Unnamed: 0,cust_serv_tickets,time_commitment,no_sessions,days_available,duration_pred,pred_leave_date
10,1,10,18,3,144.223344,2022-03-30
57,1,10,18,4,144.716316,2022-02-28
73,1,10,20,4,158.422304,2022-03-03
93,2,10,15,4,124.071232,2022-01-12
103,2,10,17,5,138.270191,2022-03-09


## How many mentees are predicted to leave in March 2022?

In [83]:
mentee_df_leaving_predictions['pred_leave_date'] = \
    pd.to_datetime(mentee_df_leaving_predictions['pred_leave_date'])
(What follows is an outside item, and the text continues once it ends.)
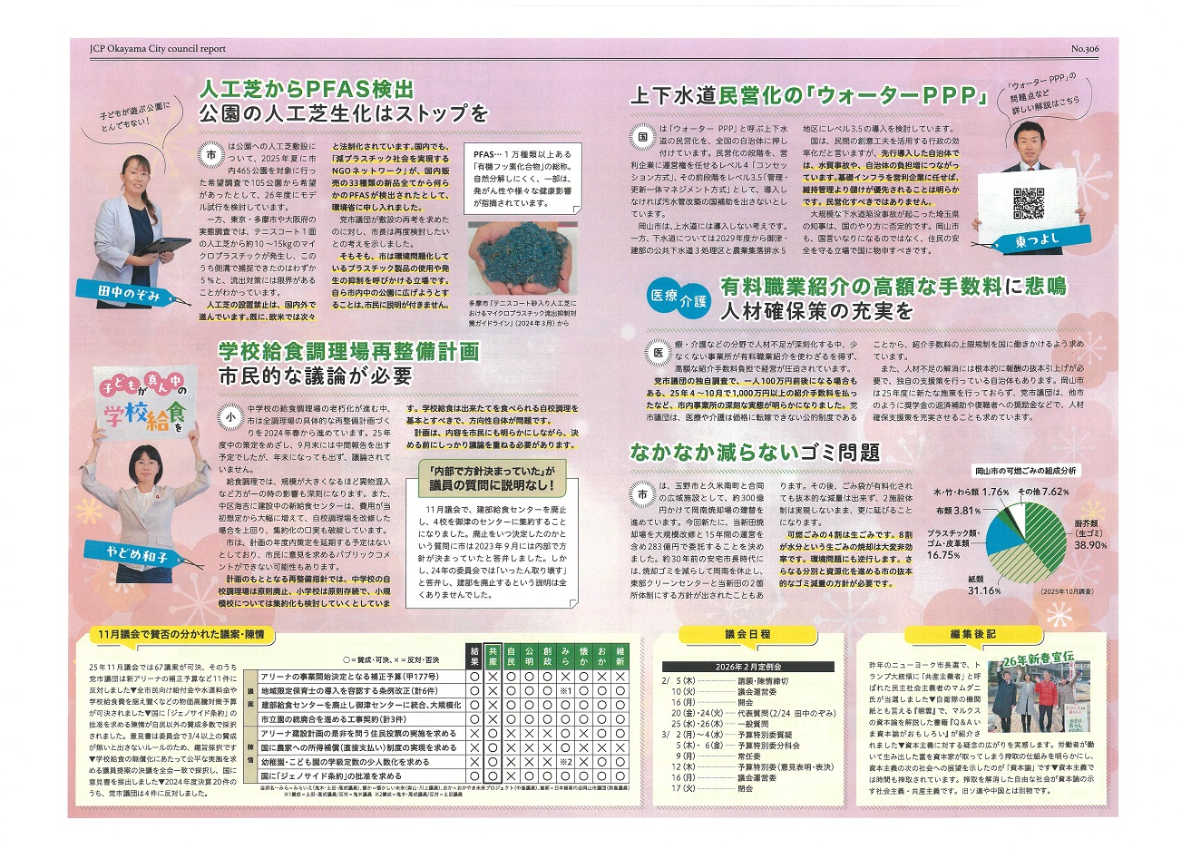 2・3面・・人工芝からPFAS検出 公園の人工芝生化はストップを/学校給食調理場再整備計画 市民的な議論が必要/上下水道民営化の「ウォーターPPP」/医療介護 有料職業紹介の高額な手数料に悲鳴 人材確保策の充実を/なかなか減らないゴミ問題/11月議会で賛否の分かれた議案・陳情/2月議会日程/編集後記

no_mentees_pred_to_leave_each_month = \
    mentee_df_leaving_predictions.groupby(pd.Grouper(key='pred_leave_date',
                                                     freq='M')).count()
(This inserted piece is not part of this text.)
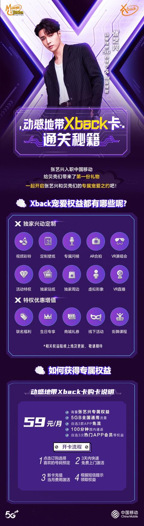 作為張藝興入職中國移動推出的第一款聯名產品,動感地帶Xback卡主打粉絲福利。資費套餐費為59元/月,除了基礎的流量、通話等權益外,還包括張藝興視頻彩鈴、月曆壁紙、AR+VR合照及正版周邊、粉絲見面會、演唱會、街舞課程等15項專屬定製福利。

no_mentees_pred_to_leave_each_month


Unnamed: 0_level_0,cust_serv_tickets,time_commitment,no_sessions,days_available,duration_pred
pred_leave_date,Unnamed: 1_level_1,Unnamed: 2_level_1,Unnamed: 3_level_1,Unnamed: 4_level_1,Unnamed: 5_level_1
2022-01-31,17,17,17,17,17
2022-02-28,59,59,59,59,59
2022-03-31,74,74,74,74,74
2022-04-30,75,75,75,75,75
2022-05-31,75,75,75,75,75
2022-06-30,61,61,61,61,61
2022-07-31,2,2,2,2,2


- Each row is 1 month
- The count, which is shown in each column, is the total number of mentees that are predicted to leave in that particular month
- Data will change with each runtime, but it currently shows 72 mentees will leave in March 2022

In [84]:
# Total active mentees
total_active_mentees = mentee_df_active.shape[0]
total_active_mentees


2075

In [85]:
march_number = no_mentees_pred_to_leave_each_month.iloc[2, 1]
march_number


74

# Attrition for March 2022

In [86]:
attrition = march_number / total_active_mentees
attrition = "{:.2%}".format(attrition)
attrition


'3.57%'

### Overall, the mock data and models are not perfect. The main point of the notebook is more to provide a rough outline for how the process could look in the future.